An Old Murder Case Stirs Questions About Prosecutors’ Practices

Jerrin Hickman has been fighting for his freedom for over a decade.

Oregon State Penitentiary Oregon State Penitentiary (Henry Cromett) (Henry Cromett)

For the past 12 years, Jerrin Hickman has been incarcerated at the Oregon State Penitentiary for a murder he says he didn’t commit. Hickman claims he’s behind bars because a high-profile prosecutor broke the rules.

That prosecutor, former Multnomah County District Attorney Rod Underhill, has denied any misconduct. But Hickman’s case is attracting renewed attention—and Underhill is under new scrutiny. In early June, Eugene Weekly profiled Hickman’s daughter, who continues to fight for her father’s freedom. Later that month, Hickman’s attorney raised eyebrows when she presented Hickman’s legal battle as a case study of prosecutorial misconduct at a Bend conference. Here’s where Hickman’s case stands.

The Killing

In 2007, Hickman went to a New Year’s Eve party in the Madison South neighborhood of Northeast Portland. At the party, a man in a ski mask shot 25-year-old Christopher Monette four times in the chest.

Prosecutors said the shooter was Hickman, who spoke to police before fleeing the scene. He was found shoeless the following morning at a nearby golf course after breaking his leg jumping a fence.

The Trial

Four witnesses positively identified Hickman as the shooter that night, according to an Oregon Supreme Court decision. Others described a shooter similar in appearance to Hickman, but couldn’t identify him.

Two of the four who positively identified Hickman did so after striking deals with prosecutors to reduce prison time on other charges, according to Hickman’s attorney.

The final two witnesses were a pair of white teenage girls from West Linn. They were childhood friends who were driven to the party and witnessed the shooting from the backseat of a Toyota Corolla. Both, at the time, described the shooter as a young, “stocky” African American man. One admitted all of the Black partygoers “pretty much all looked, like, the same.”

But their memories improved by the time they testified at trial two years later. Both identified Hickman as the shooter.

Aliza Kaplan, director of the Criminal Justice Reform Clinic at Lewis & Clark Law School, calls it a “textbook case” of problematic cross-racial eyewitness identification. Studies, she says, have routinely linked such identifications to wrongful convictions.

“We all know better,” she adds. “We know that 75% of wrongful convictions involve faulty identifications—not even as bad as this.”

The Aftermath

Hickman was found guilty in 2010. An appeals court tossed the verdict, but the state Supreme Court disagreed. The U.S. Supreme Court declined to review the case. Hickman sought post-conviction relief from a new judge, who also ruled against him last summer. That decision is now being appealed.

Hickman has fought his battle not only in court, but also at the Oregon State Bar, where he has filed a series of complaints, beginning in 2014, against Underhill.

“Underhill cheated,” Hickman told the bar.

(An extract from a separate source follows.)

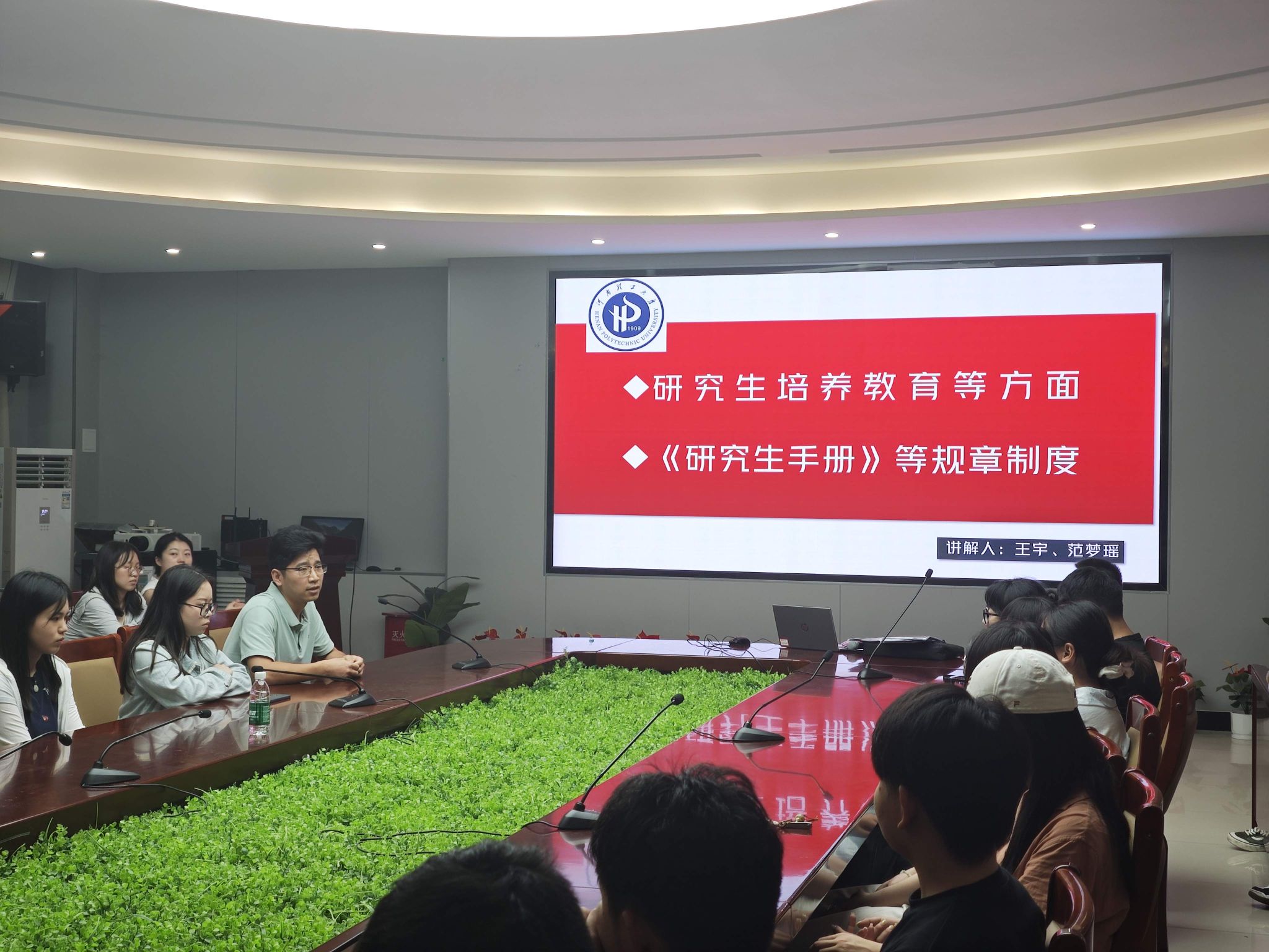 会上,柴华彬以《勇担使命,创新突破》为题寄语新生。他结合学院在智慧城市、灾害监测等领域的科研成果,鼓励同学们以“敢闯敢拼”的勇气突破舒适区,将个人研究与社会需求结合。柴华彬强调研究生要“胸怀家国”,在科研中践行测绘人的责任担当。随后,王宇就研究生培养方案及导师双向选择制度进行了全面解读。他从导师选报的具体流程、如何根据自身研究兴趣匹配导师方向,到培养周期内各个关键时间节点的注意事项等方面,为新生提供了条理清晰、实用性强的指导建议。

His attorney, Ginger Mooney, laid out the argument for prosecutorial misconduct in a presentation at this year’s annual conference of the Oregon Criminal Defense Lawyers Association in Bend.

She argues that prosecutors failed to turn over evidence to the defense that could have helped Hickman’s case, a constitutional requirement stemming from a 1963 Supreme Court case, Brady v. Maryland. Specifically: Prosecutors withheld the magnitude of the deals they’d made with the two witnesses who testified against Hickman in exchange for decades of avoided prison time.

What does all of this add up to? It’s a problem for Underhill but not an exoneration for Hickman, says Judge Daniel Ahern, who delivered a verdict in Hickman’s suit for post-conviction relief last summer. Ahern said the witness was “handled improperly” by the Multnomah County District Attorney’s Office and that Underhill had “improperly arranged a signal” in the courtroom. (For more on Underhill’s alleged secret signal, read this story.)

Still, even with the errors, “evidence of the petitioner’s guilt was overwhelming,” the judge said.

Hickman filed a new complaint with the state bar last year. It is now under investigation.

“We expect, based upon the applicable law and facts, that the Bar will reach the same conclusion they reached in 2014 and will dismiss Mr. Hickman’s complaint in its entirety,” Underhill’s attorney, Peter Jarvis, wrote in a statement.

Reached via phone from prison, Hickman tells WW he remains confident he’ll be exonerated. “There’s no reason for me not to be optimistic,” he said. “I got justice on my side.”